What is required: Your answer must be the lines from the start of the records through the line with "手動洗靴機具有清洗機和清水的功能閥,實現皂液預清洗油污,清水徹底清洗的作用。", exactly as written, without the pictures.

Material for the task:
--- START ---
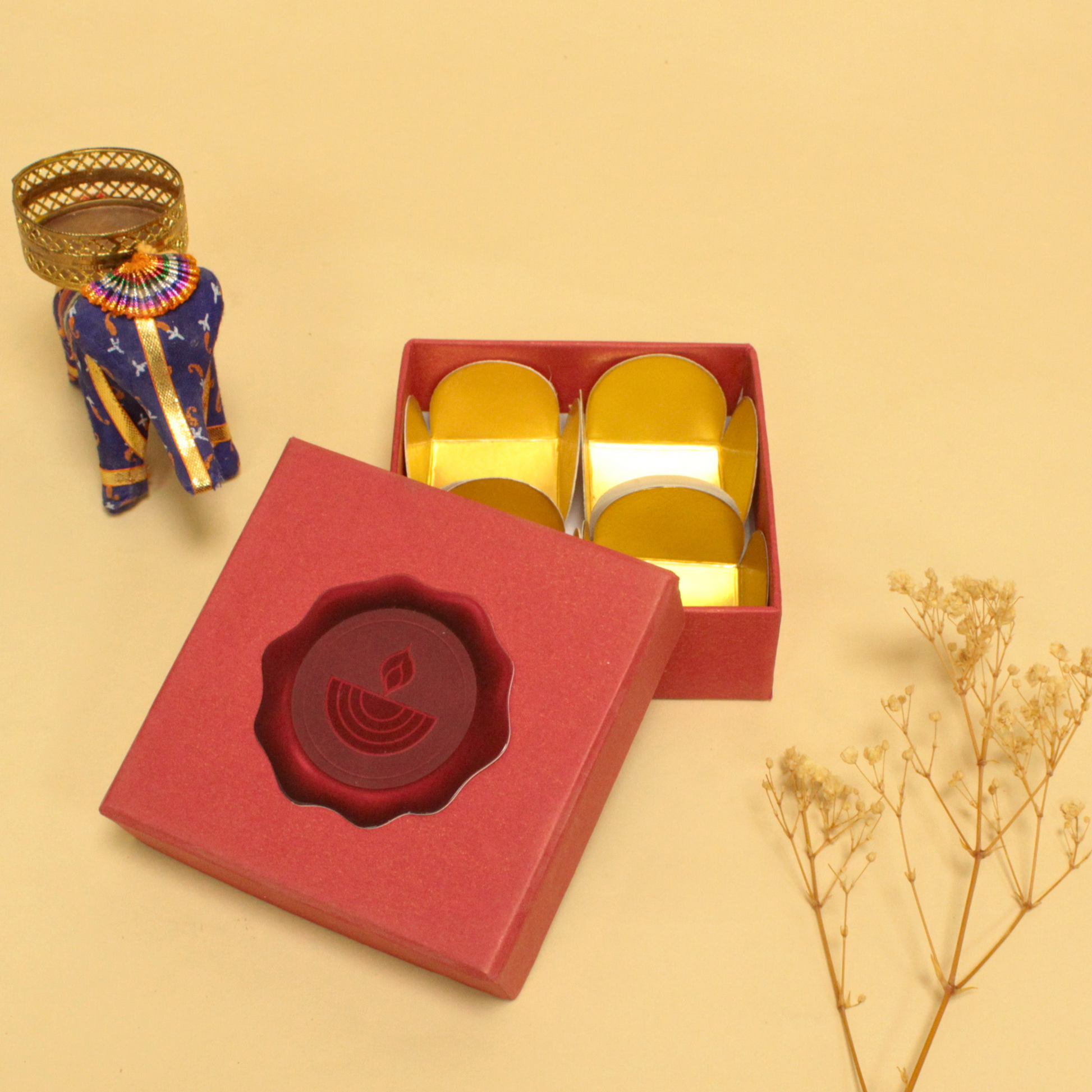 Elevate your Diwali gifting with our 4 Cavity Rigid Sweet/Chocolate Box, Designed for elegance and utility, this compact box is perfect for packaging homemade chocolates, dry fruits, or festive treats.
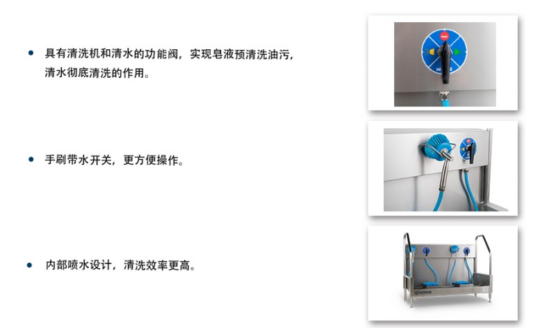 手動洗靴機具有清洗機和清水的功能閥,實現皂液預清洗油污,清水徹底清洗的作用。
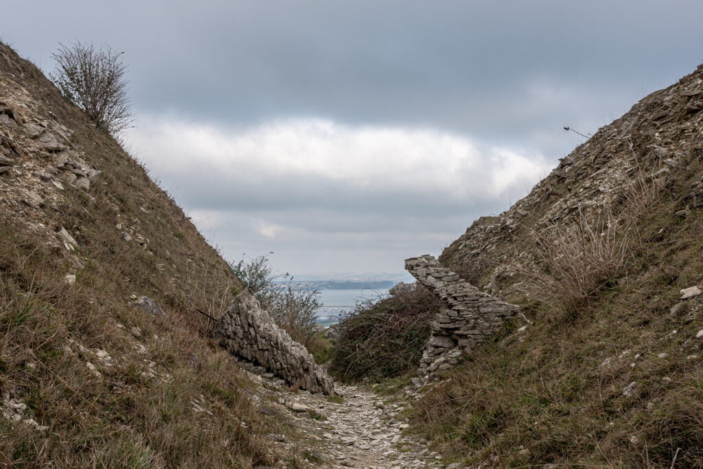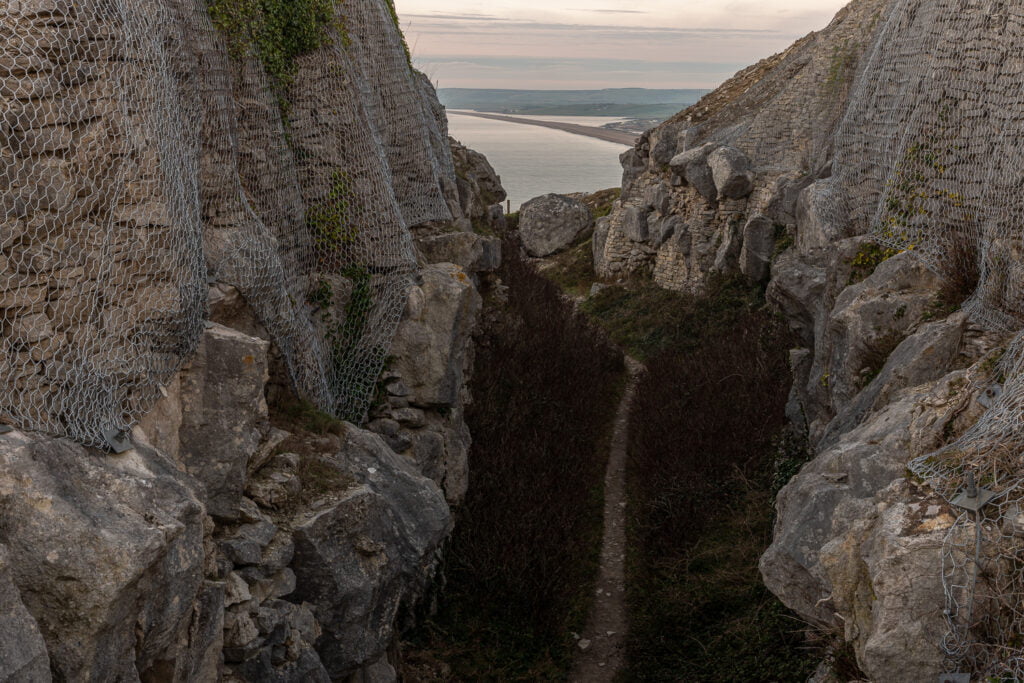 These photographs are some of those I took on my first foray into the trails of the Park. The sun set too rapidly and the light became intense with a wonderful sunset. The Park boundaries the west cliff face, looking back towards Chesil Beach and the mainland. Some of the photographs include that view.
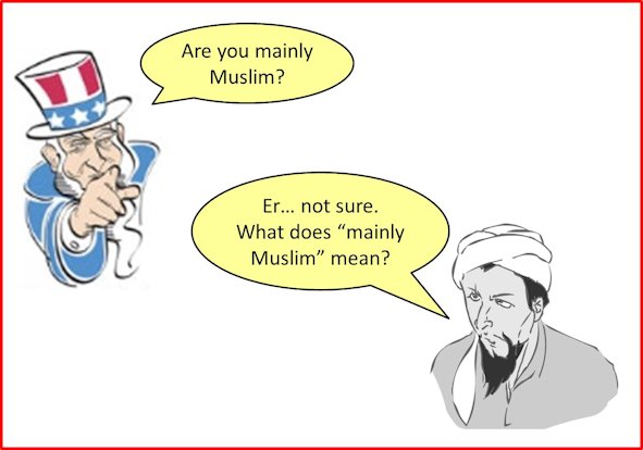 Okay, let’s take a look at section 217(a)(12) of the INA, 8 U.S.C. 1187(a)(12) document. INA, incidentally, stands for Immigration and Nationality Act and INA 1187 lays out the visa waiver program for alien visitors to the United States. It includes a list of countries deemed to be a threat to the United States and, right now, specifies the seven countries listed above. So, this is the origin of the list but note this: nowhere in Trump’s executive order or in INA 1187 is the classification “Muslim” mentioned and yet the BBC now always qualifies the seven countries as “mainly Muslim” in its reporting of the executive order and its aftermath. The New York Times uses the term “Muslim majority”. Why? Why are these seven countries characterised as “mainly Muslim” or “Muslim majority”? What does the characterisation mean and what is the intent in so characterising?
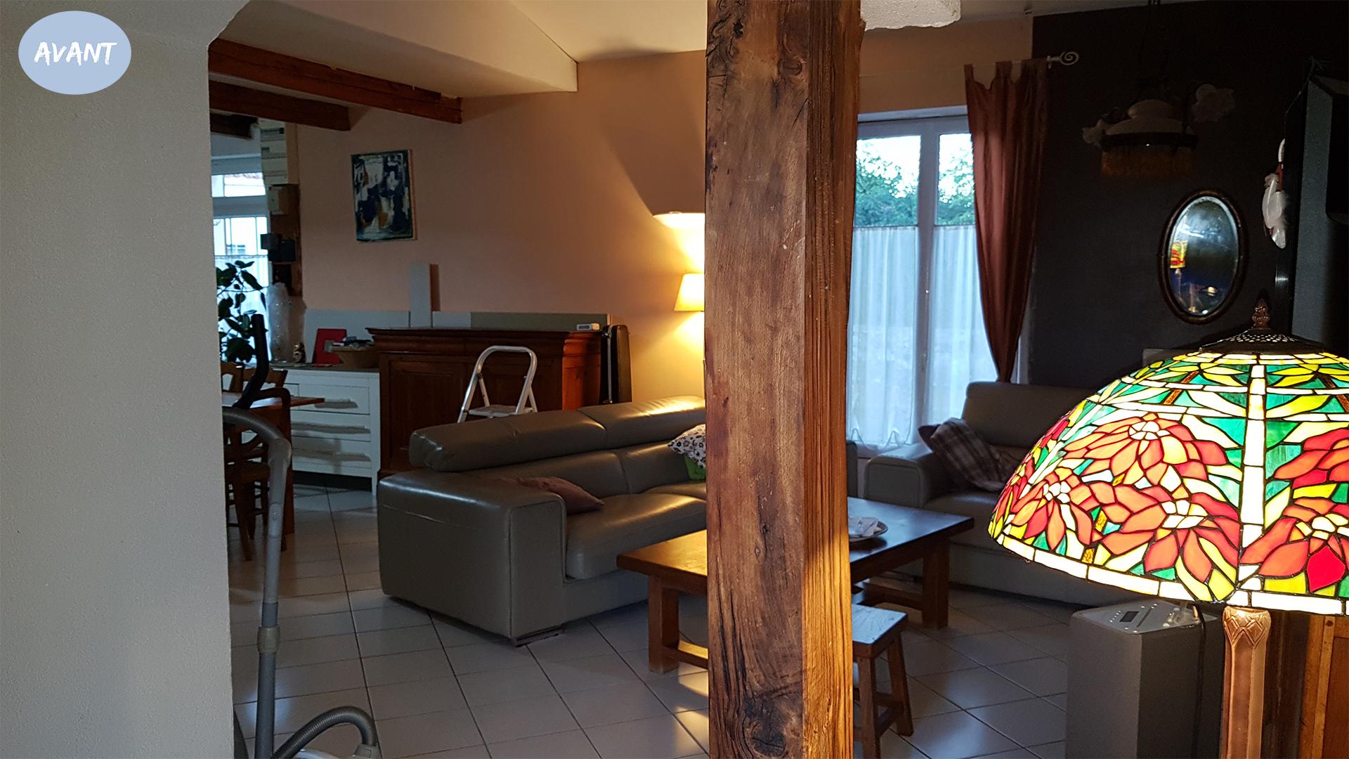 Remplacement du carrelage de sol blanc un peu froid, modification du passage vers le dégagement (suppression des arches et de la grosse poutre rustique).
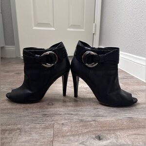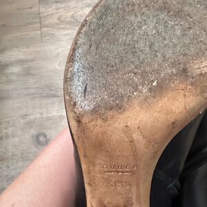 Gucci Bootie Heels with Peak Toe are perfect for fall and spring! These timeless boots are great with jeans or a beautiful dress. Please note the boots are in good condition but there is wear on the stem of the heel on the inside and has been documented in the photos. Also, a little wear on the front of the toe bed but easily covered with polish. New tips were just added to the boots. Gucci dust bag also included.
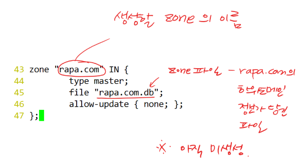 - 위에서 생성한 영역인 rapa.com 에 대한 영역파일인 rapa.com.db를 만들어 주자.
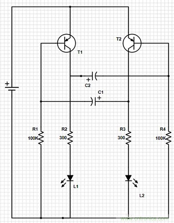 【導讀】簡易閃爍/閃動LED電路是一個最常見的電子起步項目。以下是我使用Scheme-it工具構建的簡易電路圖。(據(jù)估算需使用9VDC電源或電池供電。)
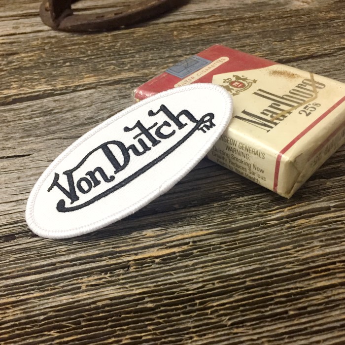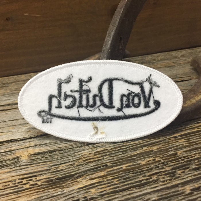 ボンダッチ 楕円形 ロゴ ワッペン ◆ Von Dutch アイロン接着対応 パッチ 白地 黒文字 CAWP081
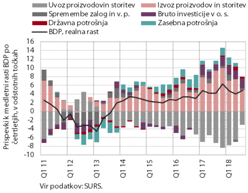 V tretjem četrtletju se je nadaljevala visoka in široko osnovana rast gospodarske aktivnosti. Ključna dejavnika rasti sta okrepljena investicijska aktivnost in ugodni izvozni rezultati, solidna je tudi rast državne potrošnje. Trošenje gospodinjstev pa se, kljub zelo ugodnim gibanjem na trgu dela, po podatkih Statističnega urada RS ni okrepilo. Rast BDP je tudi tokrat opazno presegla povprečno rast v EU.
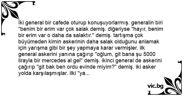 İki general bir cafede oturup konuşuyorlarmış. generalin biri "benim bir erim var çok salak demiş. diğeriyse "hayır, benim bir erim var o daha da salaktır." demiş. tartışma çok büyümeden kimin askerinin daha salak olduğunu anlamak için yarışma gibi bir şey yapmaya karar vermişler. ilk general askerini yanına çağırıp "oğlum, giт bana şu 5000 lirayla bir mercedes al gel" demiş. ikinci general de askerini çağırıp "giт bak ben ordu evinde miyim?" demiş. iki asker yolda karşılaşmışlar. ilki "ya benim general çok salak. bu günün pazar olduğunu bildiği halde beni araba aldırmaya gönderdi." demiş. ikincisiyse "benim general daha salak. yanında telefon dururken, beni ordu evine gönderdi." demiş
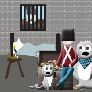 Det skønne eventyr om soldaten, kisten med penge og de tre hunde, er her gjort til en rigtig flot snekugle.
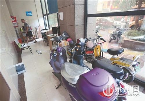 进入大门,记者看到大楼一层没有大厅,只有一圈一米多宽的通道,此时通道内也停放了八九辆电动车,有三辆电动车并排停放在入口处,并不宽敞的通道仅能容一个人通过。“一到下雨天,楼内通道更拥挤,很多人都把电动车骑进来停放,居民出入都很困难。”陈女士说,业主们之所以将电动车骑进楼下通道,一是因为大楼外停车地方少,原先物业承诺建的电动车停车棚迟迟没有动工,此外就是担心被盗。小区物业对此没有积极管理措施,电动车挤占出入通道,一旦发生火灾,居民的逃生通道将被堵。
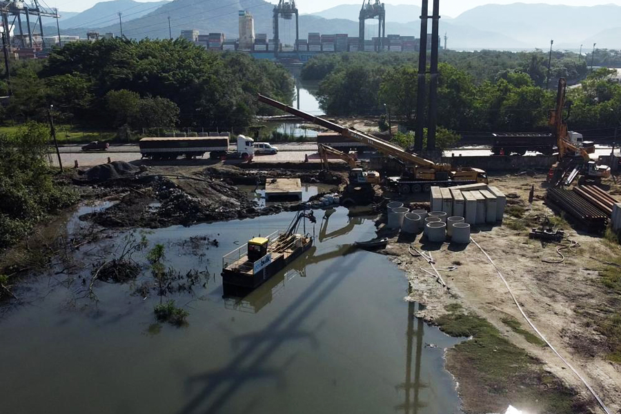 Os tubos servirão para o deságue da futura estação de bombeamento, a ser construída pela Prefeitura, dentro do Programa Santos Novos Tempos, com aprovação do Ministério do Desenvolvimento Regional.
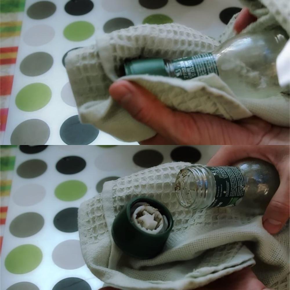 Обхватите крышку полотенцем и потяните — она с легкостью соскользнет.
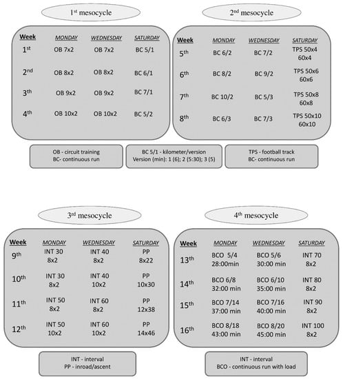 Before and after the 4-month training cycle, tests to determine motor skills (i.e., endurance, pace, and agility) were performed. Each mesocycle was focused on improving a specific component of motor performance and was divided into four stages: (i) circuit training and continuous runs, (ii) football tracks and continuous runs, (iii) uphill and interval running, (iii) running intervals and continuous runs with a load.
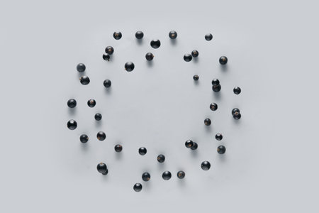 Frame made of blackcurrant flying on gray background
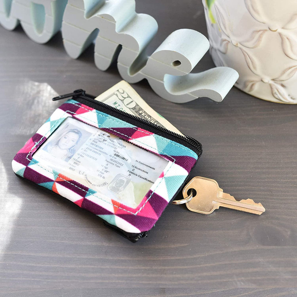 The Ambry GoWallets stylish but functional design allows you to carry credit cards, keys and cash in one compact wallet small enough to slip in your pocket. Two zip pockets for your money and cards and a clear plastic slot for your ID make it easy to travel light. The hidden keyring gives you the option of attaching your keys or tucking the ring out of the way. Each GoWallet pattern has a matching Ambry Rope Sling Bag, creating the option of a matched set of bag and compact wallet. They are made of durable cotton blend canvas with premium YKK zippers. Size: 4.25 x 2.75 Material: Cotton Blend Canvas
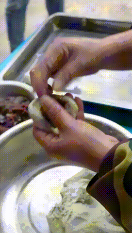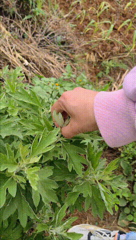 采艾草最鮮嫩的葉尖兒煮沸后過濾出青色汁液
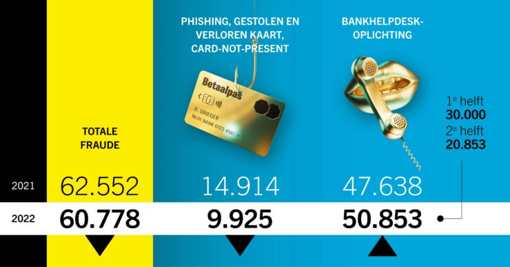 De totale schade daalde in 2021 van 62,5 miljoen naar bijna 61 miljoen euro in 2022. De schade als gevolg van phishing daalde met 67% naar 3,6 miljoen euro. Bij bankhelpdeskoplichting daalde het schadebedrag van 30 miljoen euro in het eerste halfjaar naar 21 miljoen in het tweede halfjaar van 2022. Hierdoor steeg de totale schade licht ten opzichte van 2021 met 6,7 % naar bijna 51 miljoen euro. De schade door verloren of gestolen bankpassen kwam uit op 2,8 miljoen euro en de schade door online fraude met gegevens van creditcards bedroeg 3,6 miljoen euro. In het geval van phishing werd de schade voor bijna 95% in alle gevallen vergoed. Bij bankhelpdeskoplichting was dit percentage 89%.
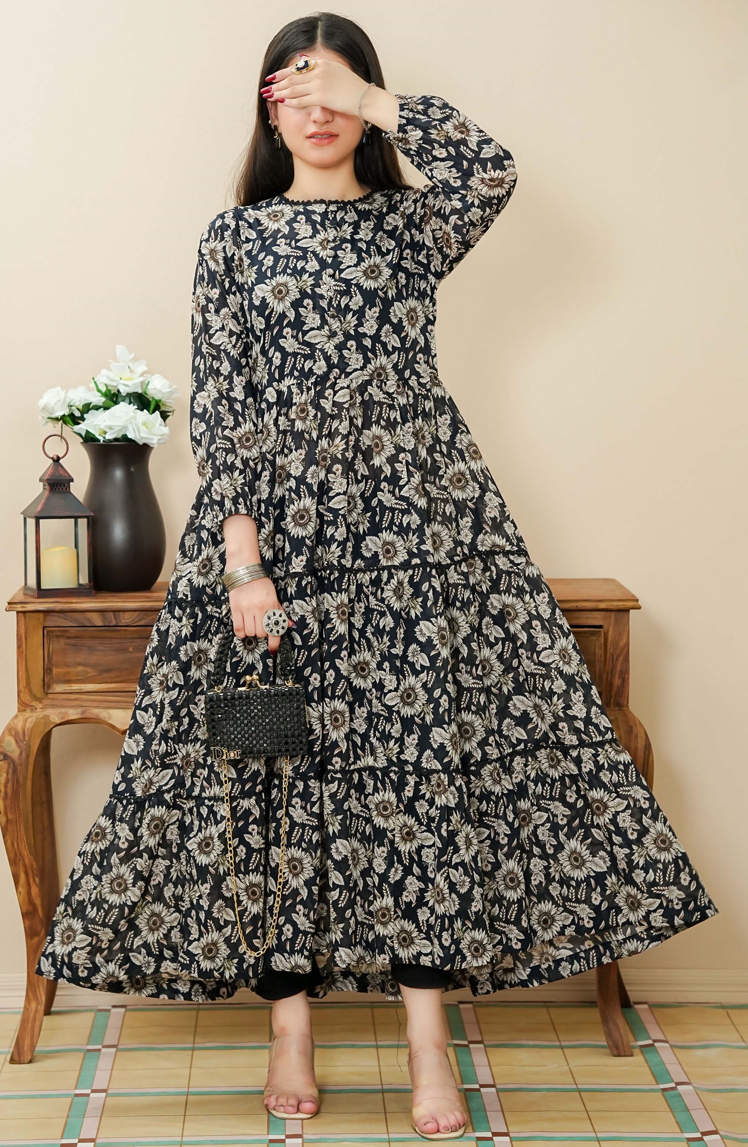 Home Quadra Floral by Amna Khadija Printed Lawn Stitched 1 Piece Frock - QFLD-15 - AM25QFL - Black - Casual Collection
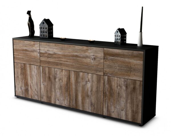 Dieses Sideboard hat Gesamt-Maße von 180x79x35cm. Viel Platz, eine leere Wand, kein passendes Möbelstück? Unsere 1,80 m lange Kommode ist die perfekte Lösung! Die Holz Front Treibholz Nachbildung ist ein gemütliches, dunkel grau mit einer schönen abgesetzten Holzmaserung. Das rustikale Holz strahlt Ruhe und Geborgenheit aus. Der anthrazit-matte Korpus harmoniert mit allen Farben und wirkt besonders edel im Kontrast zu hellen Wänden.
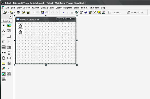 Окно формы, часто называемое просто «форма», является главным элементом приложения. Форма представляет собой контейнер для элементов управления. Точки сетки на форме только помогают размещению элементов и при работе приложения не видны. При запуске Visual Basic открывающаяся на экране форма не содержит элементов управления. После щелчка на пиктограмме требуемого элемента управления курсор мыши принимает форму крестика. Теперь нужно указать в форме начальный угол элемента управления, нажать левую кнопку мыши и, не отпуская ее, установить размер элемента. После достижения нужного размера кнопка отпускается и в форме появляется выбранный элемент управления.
--- END ---
Exercise output:
 Elevate your Diwali gifting with our 4 Cavity Rigid Sweet/Chocolate Box, Designed for elegance and utility, this compact box is perfect for packaging homemade chocolates, dry fruits, or festive treats.
 手動洗靴機具有清洗機和清水的功能閥,實現皂液預清洗油污,清水徹底清洗的作用。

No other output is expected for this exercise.